I can't seem to find anything significant in the logs, also for some reason, when I turn on the log4j level for connect. I get tons of errors that prevent my REST requests from coming through.

javax.servlet.ServletException: org.glassfish.jersey.server.ContainerException: java.lang.NoClassDefFoundError: com/opencsv/ICSVParser
    at org.glassfish.jersey.servlet.WebComponent.serviceImpl(WebComponent.java:489)
    at org.glassfish.jersey.servlet.WebComponent.service(WebComponent.java:427)
    at org.glassfish.jersey.servlet.ServletContainer.service(ServletContainer.java:388)
    at org.glassfish.jersey.servlet.ServletContainer.service(ServletContainer.java:341)
    at org.glassfish.jersey.servlet.ServletContainer.service(ServletContainer.java:228)
    at org.eclipse.jetty.servlet.ServletHolder.handle(ServletHolder.java:812)
    at org.eclipse.jetty.servlet.ServletHandler.doHandle(ServletHandler.java:587)
    at org.eclipse.jetty.server.session.SessionHandler.doHandle(SessionHandler.java:221)
    at org.eclipse.jetty.server.handler.ContextHandler.doHandle(ContextHandler.java:1127)
    at org.eclipse.jetty.servlet.ServletHandler.doScope(ServletHandler.java:515)
    at org.eclipse.jetty.server.session.SessionHandler.doScope(SessionHandler.java:185)
    at org.eclipse.jetty.server.handler.ContextHandler.doScope(ContextHandler.java:1061)
    at org.eclipse.jetty.server.handler.ScopedHandler.handle(ScopedHandler.java:141)
    at org.eclipse.jetty.server.handler.HandlerCollection.handle(HandlerCollection.java:110)
    at org.eclipse.jetty.server.handler.HandlerWrapper.handle(HandlerWrapper.java:97)
    at org.eclipse.jetty.server.handler.StatisticsHandler.handle(StatisticsHandler.java:159)
    at org.eclipse.jetty.server.handler.HandlerWrapper.handle(HandlerWrapper.java:97)
    at org.eclipse.jetty.server.Server.handle(Server.java:499)
    at org.eclipse.jetty.server.HttpChannel.handle(HttpChannel.java:311)
    at org.eclipse.jetty.server.HttpConnection.onFillable(HttpConnection.java:257)
    at org.eclipse.jetty.io.AbstractConnection$2.run(AbstractConnection.java:544)

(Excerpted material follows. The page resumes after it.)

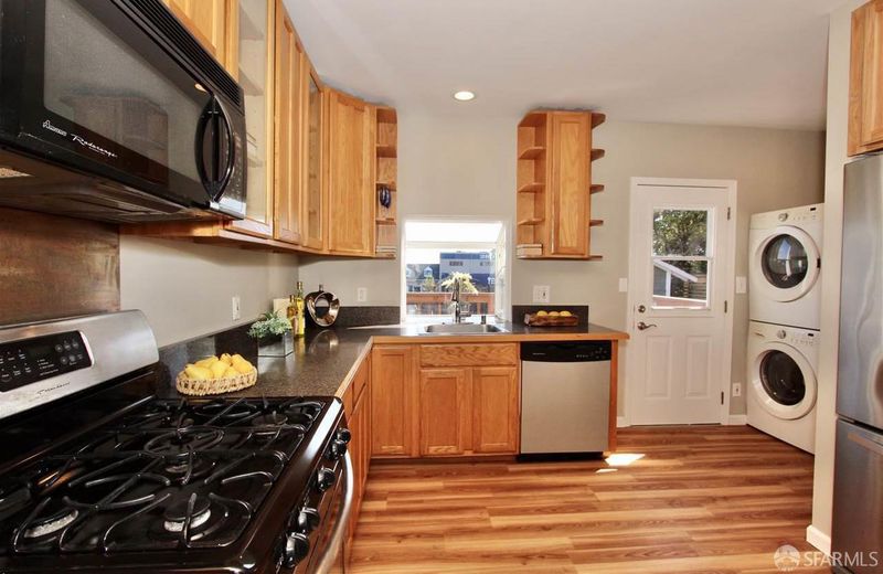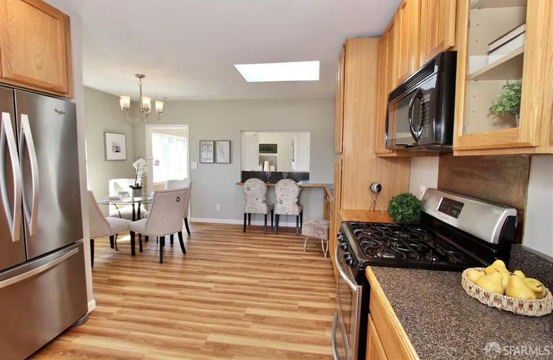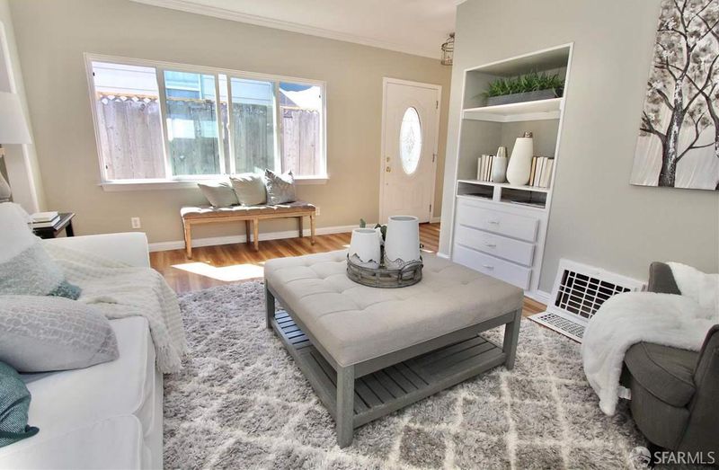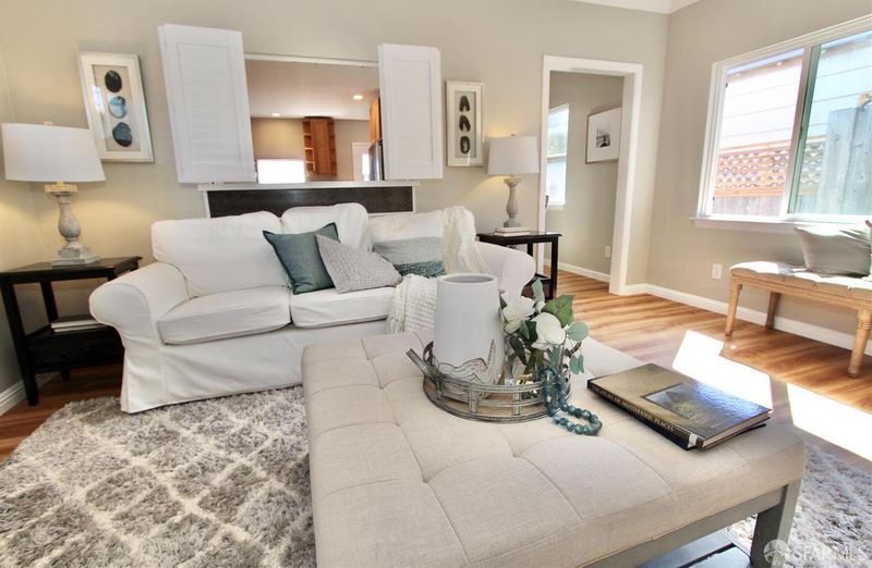 Discover the perfect blend of style, comfort and privacy in this beautifully updated detached cottage style home offering a serene retreat in the heart of San Bruno. Thoughtfully designed with a bright open floor plan, this move in ready residence feat. the gourmet kitchen w a breakfast area, warm oak cabinetry, sleek black granite style countertops & SS appliances incl a gas range. Adjacent to the dining area is a built in office nook w custom cabinetry, ideal for working from home. Sun filled living spaces are enhanced by skylights, modern flooring, custom window shutters, recessed lighting & seamless indoor outdoor flow. The spa like bathroom showcases a modern white vanity, custom tilework, and a glass enclosed shower and tub combination. The bedroom offers built in shelving & tranquil views of surrounding greenery. Step outside to a private outdoor oasis w a stained redwood deck, low maintenance artificial turf lawn & a charming paver patio perfect for entertaining. A detached bonus structure provides flexible use as a home office, storage, or recreation space. The contemporary exterior feat charcoal siding, crisp white trim & a private gated entrance. Ideally located on a residential st near local favorites & shopping. EZ access to BART, Caltrain, SFO, SF & San Mateo Bridge

    at org.eclipse.jetty.util.thread.QueuedThreadPool.runJob(QueuedThreadPool.java:635)
    at org.eclipse.jetty.util.thread.QueuedThreadPool$3.run(QueuedThreadPool.java:555)
    at java.lang.Thread.run(Thread.java:745)
Caused by: org.glassfish.jersey.server.ContainerException: java.lang.NoClassDefFoundError: com/opencsv/ICSVParser
    at org.glassfish.jersey.servlet.internal.ResponseWriter.rethrow(ResponseWriter.java:278)
    at org.glassfish.jersey.servlet.internal.ResponseWriter.failure(ResponseWriter.java:260)
    at org.glassfish.jersey.server.ServerRuntime$Responder.process(ServerRuntime.java:509)
    at org.glassfish.jersey.server.ServerRuntime$2.run(ServerRuntime.java:334)
    at org.glassfish.jersey.internal.Errors$1.call(Errors.java:271)
    at org.glassfish.jersey.internal.Errors$1.call(Errors.java:267)
    at org.glassfish.jersey.internal.Errors.process(Errors.java:315)
    at org.glassfish.jersey.internal.Errors.process(Errors.java:297)
    at org.glassfish.jersey.internal.Errors.process(Errors.java:267)
    at org.glassfish.jersey.process.internal.RequestScope.runInScope(RequestScope.java:317)
    at org.glassfish.jersey.server.ServerRuntime.process(ServerRuntime.java:305)
    at org.glassfish.jersey.server.ApplicationHandler.handle(ApplicationHandler.java:1154)
    at org.glassfish.jersey.servlet.WebComponent.serviceImpl(WebComponent.java:473)
    ... 23 more
Caused by: java.lang.NoClassDefFoundError: com/opencsv/ICSVParser
    at com.github.jcustenborder.kafka.connect.spooldir.SpoolDirCsvSourceConnector.config(SpoolDirCsvSourceConnector.java:44)
    at org.apache.kafka.connect.connector.Connector.validate(Connector.java:133)
    at org.apache.kafka.connect.runtime.AbstractHerder.validateConnectorConfig(AbstractHerder.java:254)
    at org.apache.kafka.connect.runtime.distributed.DistributedHerder$6.call(DistributedHerder.java:508)
    at org.apache.kafka.connect.runtime.distributed.DistributedHerder$6.call(DistributedHerder.java:505)
    at org.apache.kafka.connect.runtime.distributed.DistributedHerder.tick(DistributedHerder.java:248)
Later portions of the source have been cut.